— What the task asks —
Beginning with the line that includes "C. Úplná kvadratická" and ending with the last line of the listing below, write out each line exactly, with no other output.

— Given data —
============================================================

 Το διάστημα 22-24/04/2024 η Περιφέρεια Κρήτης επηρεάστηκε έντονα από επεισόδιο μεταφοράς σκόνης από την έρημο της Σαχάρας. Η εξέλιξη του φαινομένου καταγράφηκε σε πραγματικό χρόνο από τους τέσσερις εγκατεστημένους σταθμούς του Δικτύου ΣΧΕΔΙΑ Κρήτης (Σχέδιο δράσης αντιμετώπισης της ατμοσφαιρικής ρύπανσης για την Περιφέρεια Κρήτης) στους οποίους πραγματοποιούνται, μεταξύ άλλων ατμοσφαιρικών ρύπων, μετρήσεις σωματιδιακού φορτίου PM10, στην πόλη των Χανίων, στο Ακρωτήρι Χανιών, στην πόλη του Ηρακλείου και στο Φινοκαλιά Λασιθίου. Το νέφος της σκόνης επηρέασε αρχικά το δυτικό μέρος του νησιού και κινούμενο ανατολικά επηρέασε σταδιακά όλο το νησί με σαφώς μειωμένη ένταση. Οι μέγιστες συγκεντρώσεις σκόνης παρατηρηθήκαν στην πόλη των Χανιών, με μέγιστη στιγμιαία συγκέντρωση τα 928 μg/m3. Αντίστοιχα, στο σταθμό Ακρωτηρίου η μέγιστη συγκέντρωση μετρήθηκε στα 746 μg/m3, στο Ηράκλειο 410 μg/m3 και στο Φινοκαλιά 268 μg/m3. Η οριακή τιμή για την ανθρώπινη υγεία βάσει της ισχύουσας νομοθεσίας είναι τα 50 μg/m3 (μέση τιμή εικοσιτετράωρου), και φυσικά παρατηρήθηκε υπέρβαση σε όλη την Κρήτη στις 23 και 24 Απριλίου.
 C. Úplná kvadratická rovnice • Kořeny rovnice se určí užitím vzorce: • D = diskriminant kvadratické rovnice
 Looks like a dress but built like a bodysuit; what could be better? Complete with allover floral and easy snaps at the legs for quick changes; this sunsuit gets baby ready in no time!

============================================================

— Output below —
 C. Úplná kvadratická rovnice • Kořeny rovnice se určí užitím vzorce: • D = diskriminant kvadratické rovnice
 Looks like a dress but built like a bodysuit; what could be better? Complete with allover floral and easy snaps at the legs for quick changes; this sunsuit gets baby ready in no time!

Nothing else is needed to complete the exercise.